====== Dataset
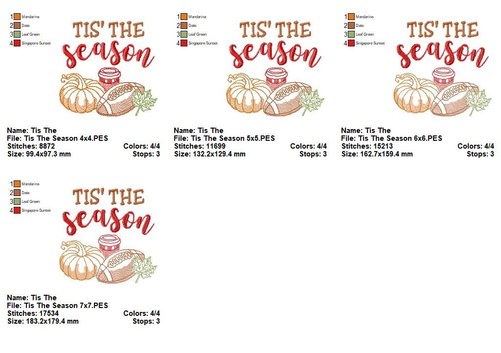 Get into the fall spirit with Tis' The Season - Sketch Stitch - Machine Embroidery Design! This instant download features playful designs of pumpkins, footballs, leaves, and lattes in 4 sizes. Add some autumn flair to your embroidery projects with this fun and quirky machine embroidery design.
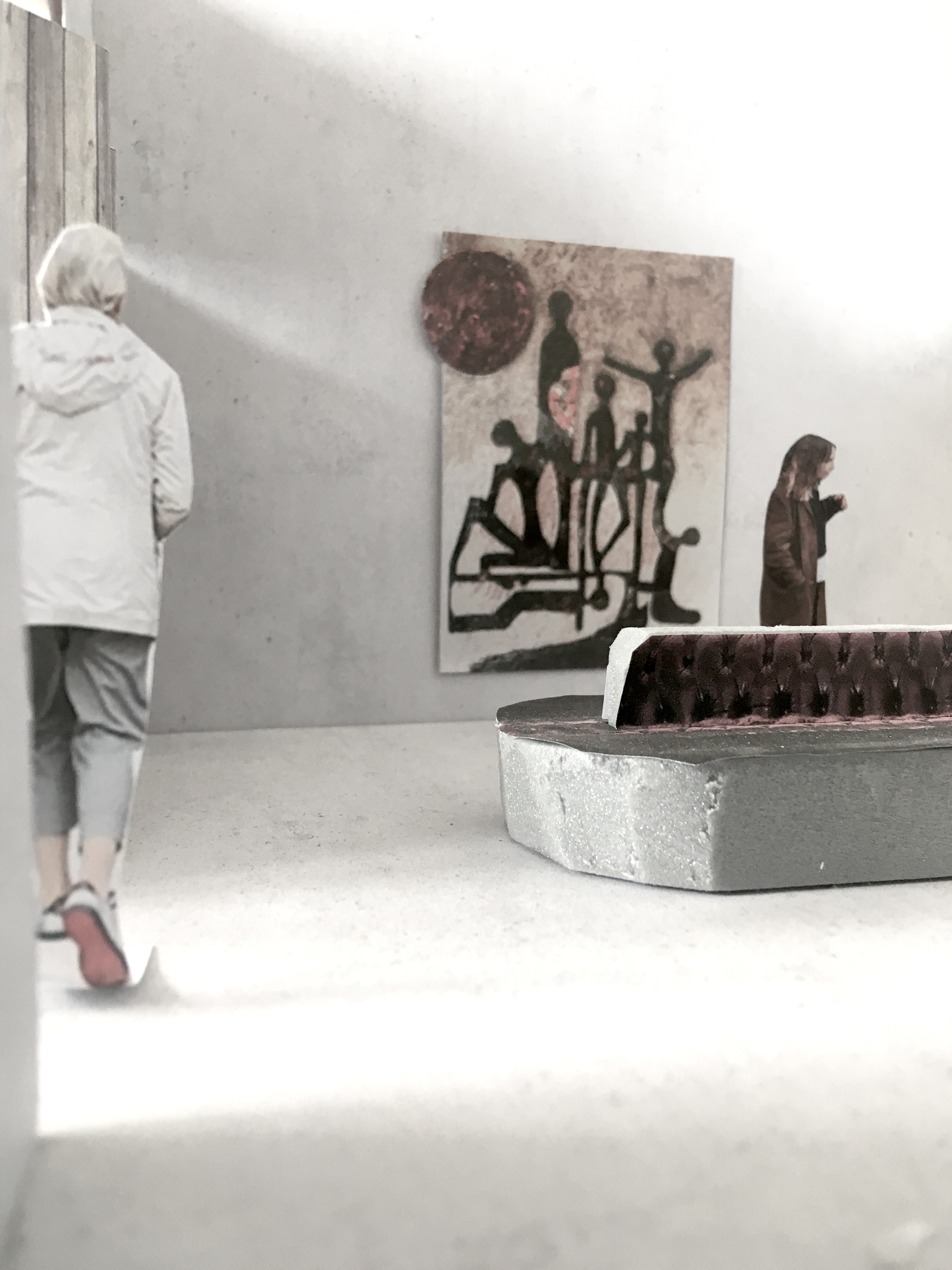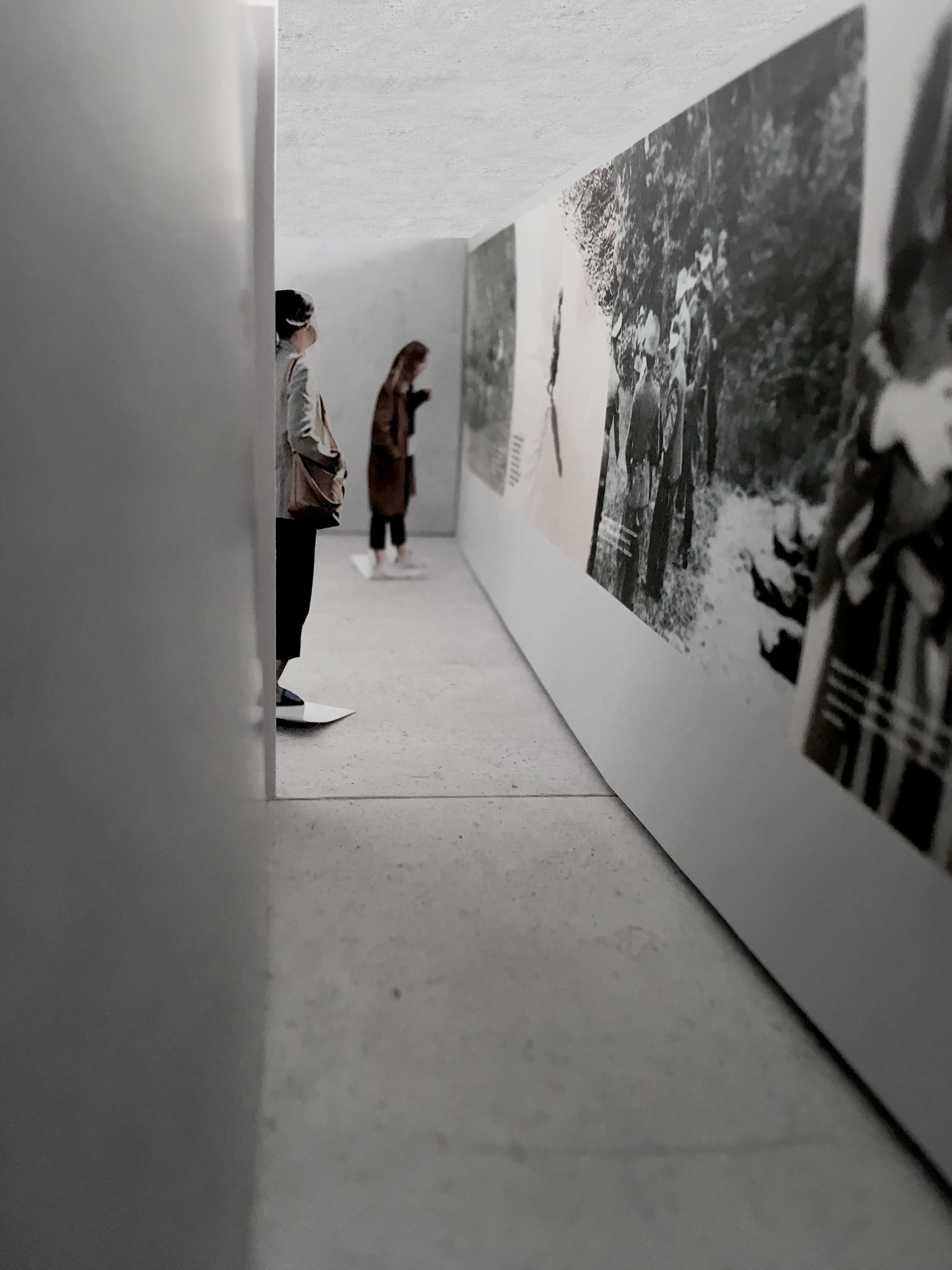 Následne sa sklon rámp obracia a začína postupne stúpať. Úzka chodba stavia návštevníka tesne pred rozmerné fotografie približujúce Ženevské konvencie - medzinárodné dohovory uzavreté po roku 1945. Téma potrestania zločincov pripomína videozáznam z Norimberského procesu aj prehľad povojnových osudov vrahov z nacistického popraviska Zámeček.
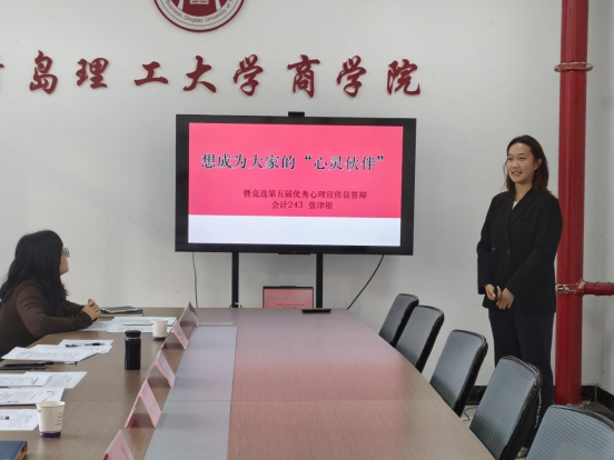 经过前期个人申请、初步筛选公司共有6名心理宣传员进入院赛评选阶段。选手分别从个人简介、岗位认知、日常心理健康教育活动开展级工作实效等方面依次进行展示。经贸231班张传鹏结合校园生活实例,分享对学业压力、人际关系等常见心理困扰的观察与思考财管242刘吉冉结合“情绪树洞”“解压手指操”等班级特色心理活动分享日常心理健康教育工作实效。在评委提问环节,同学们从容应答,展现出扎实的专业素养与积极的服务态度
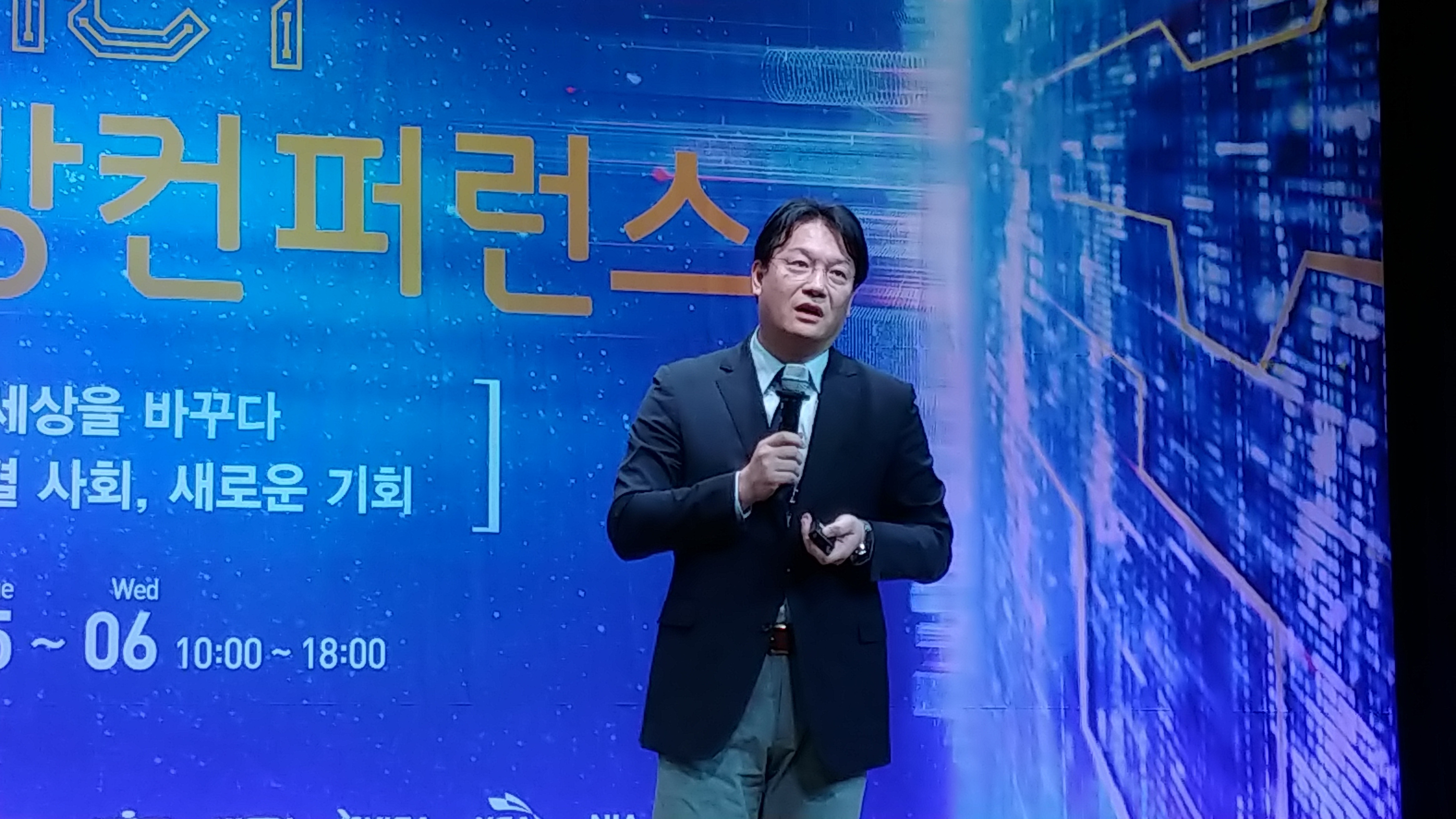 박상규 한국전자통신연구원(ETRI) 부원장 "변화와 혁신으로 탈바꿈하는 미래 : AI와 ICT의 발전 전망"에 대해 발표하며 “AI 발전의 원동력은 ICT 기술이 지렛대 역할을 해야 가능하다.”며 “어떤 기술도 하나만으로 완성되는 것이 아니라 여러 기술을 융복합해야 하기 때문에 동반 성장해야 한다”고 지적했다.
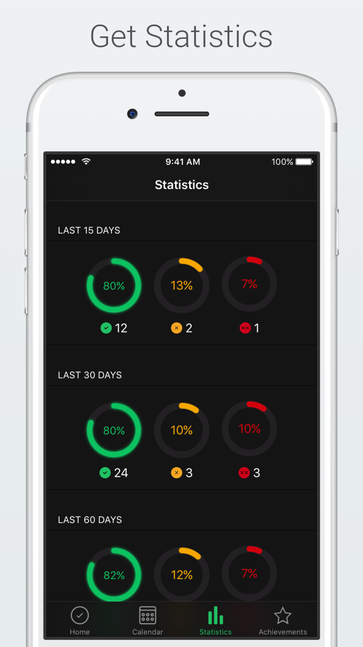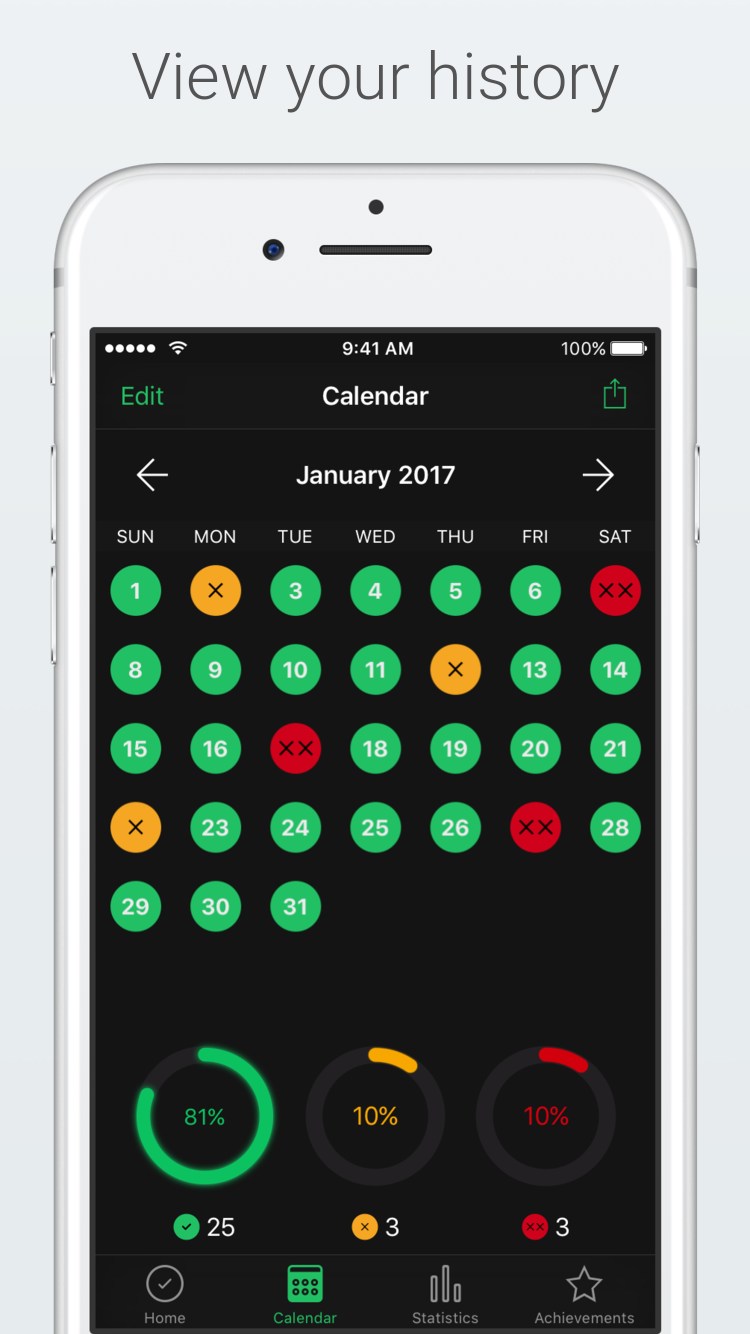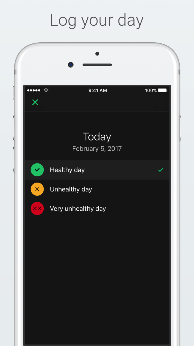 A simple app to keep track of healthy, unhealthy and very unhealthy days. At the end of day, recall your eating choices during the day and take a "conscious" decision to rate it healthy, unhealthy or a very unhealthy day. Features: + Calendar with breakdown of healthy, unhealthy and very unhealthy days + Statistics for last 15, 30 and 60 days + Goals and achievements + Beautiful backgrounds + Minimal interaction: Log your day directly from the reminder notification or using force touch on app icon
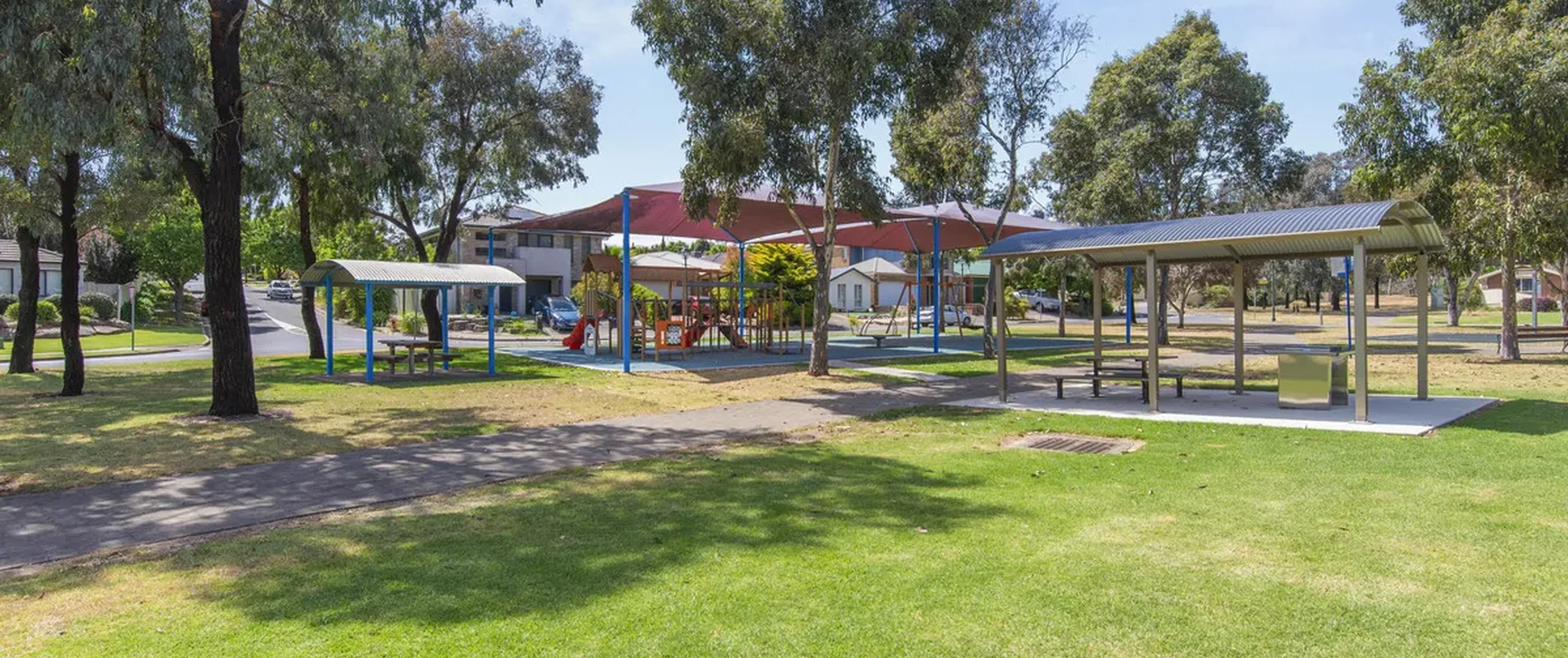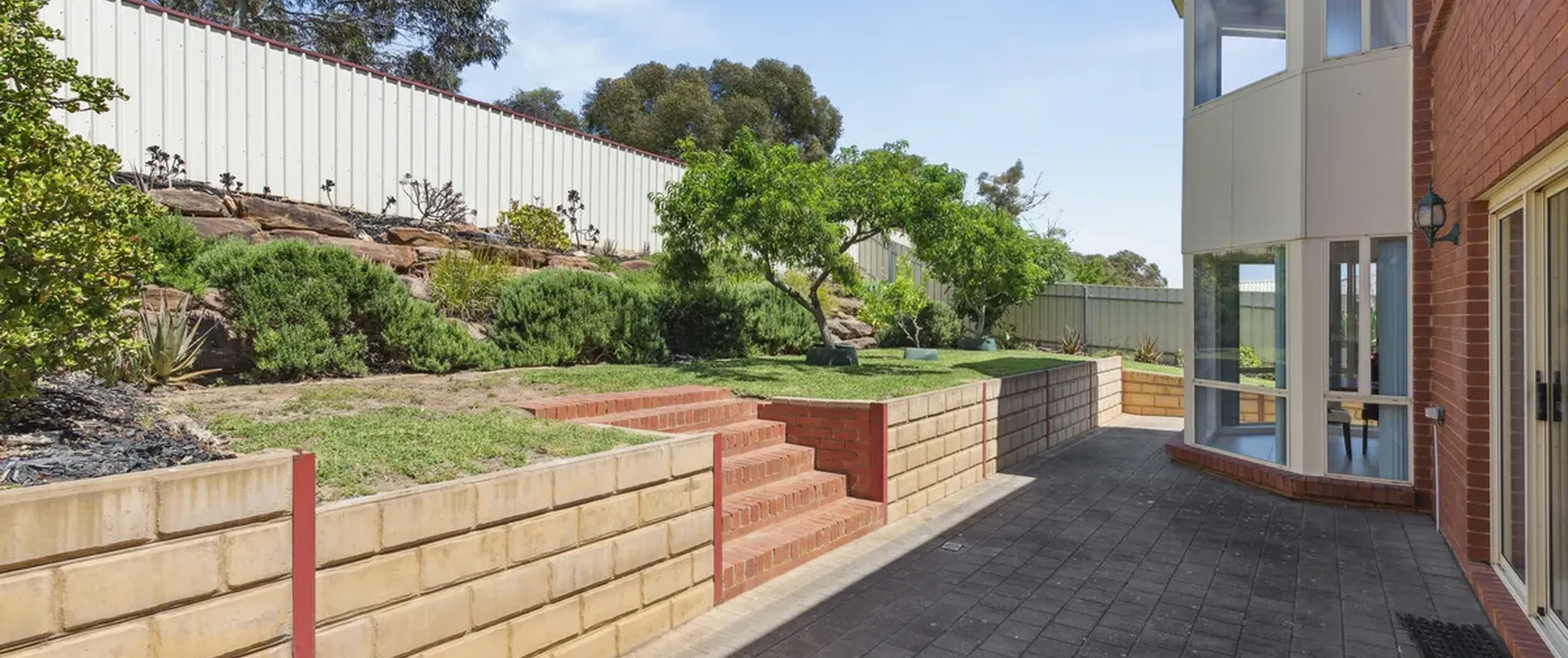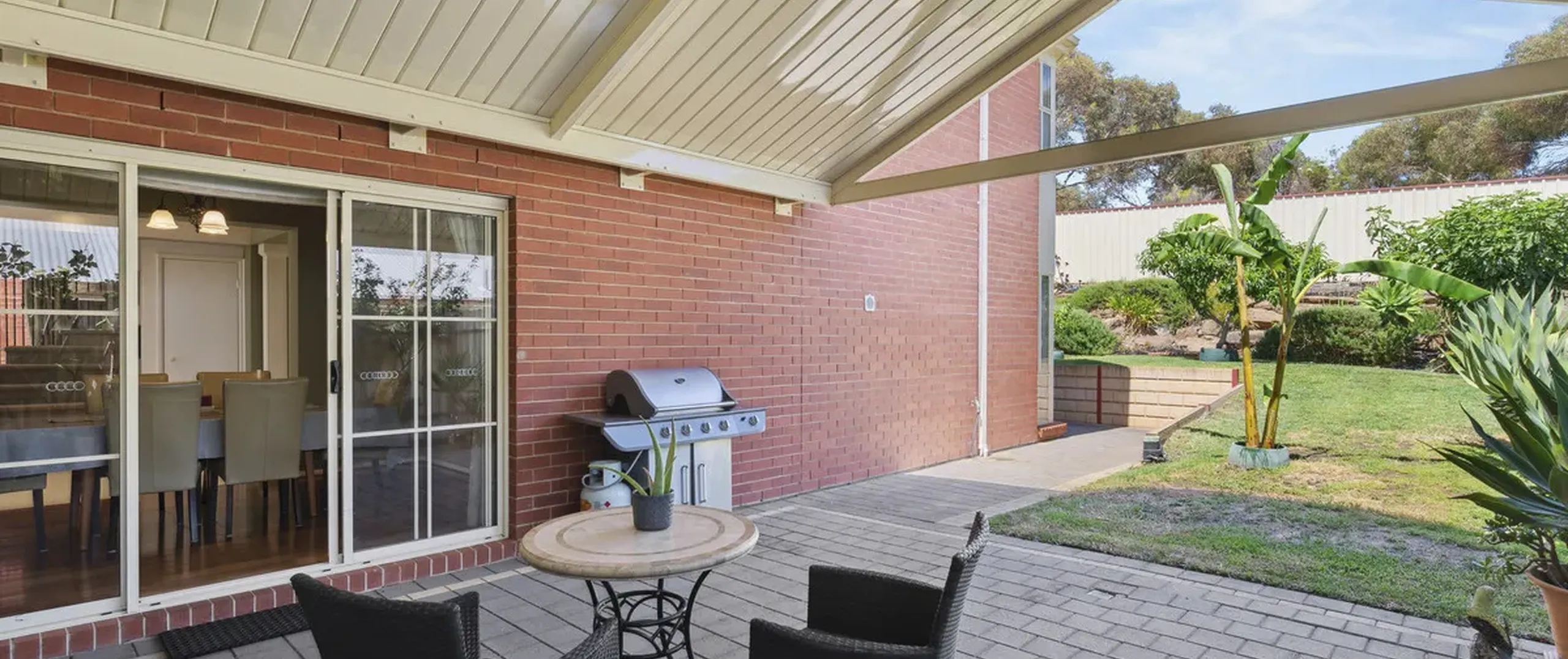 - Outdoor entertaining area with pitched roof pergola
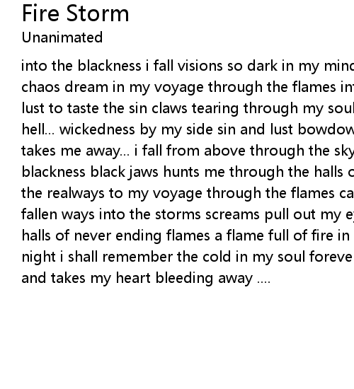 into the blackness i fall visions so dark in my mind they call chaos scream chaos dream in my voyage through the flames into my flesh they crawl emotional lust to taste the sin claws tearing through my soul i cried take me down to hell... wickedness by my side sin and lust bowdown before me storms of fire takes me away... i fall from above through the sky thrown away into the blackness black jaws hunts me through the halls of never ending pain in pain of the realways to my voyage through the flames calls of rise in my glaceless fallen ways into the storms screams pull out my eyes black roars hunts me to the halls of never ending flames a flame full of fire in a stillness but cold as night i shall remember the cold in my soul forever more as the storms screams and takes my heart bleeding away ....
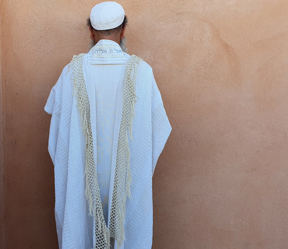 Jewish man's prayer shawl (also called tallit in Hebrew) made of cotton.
============
# Goal of the exercise
Set down the records precisely as they appear. Any picture stays out.

# Result for this task
 Get into the fall spirit with Tis' The Season - Sketch Stitch - Machine Embroidery Design! This instant download features playful designs of pumpkins, footballs, leaves, and lattes in 4 sizes. Add some autumn flair to your embroidery projects with this fun and quirky machine embroidery design.
 Následne sa sklon rámp obracia a začína postupne stúpať. Úzka chodba stavia návštevníka tesne pred rozmerné fotografie približujúce Ženevské konvencie - medzinárodné dohovory uzavreté po roku 1945. Téma potrestania zločincov pripomína videozáznam z Norimberského procesu aj prehľad povojnových osudov vrahov z nacistického popraviska Zámeček.
 经过前期个人申请、初步筛选公司共有6名心理宣传员进入院赛评选阶段。选手分别从个人简介、岗位认知、日常心理健康教育活动开展级工作实效等方面依次进行展示。经贸231班张传鹏结合校园生活实例,分享对学业压力、人际关系等常见心理困扰的观察与思考财管242刘吉冉结合“情绪树洞”“解压手指操”等班级特色心理活动分享日常心理健康教育工作实效。在评委提问环节,同学们从容应答,展现出扎实的专业素养与积极的服务态度
 박상규 한국전자통신연구원(ETRI) 부원장 "변화와 혁신으로 탈바꿈하는 미래 : AI와 ICT의 발전 전망"에 대해 발표하며 “AI 발전의 원동력은 ICT 기술이 지렛대 역할을 해야 가능하다.”며 “어떤 기술도 하나만으로 완성되는 것이 아니라 여러 기술을 융복합해야 하기 때문에 동반 성장해야 한다”고 지적했다.
 A simple app to keep track of healthy, unhealthy and very unhealthy days. At the end of day, recall your eating choices during the day and take a "conscious" decision to rate it healthy, unhealthy or a very unhealthy day. Features: + Calendar with breakdown of healthy, unhealthy and very unhealthy days + Statistics for last 15, 30 and 60 days + Goals and achievements + Beautiful backgrounds + Minimal interaction: Log your day directly from the reminder notification or using force touch on app icon
 - Outdoor entertaining area with pitched roof pergola
 into the blackness i fall visions so dark in my mind they call chaos scream chaos dream in my voyage through the flames into my flesh they crawl emotional lust to taste the sin claws tearing through my soul i cried take me down to hell... wickedness by my side sin and lust bowdown before me storms of fire takes me away... i fall from above through the sky thrown away into the blackness black jaws hunts me through the halls of never ending pain in pain of the realways to my voyage through the flames calls of rise in my glaceless fallen ways into the storms screams pull out my eyes black roars hunts me to the halls of never ending flames a flame full of fire in a stillness but cold as night i shall remember the cold in my soul forever more as the storms screams and takes my heart bleeding away ....
 Jewish man's prayer shawl (also called tallit in Hebrew) made of cotton.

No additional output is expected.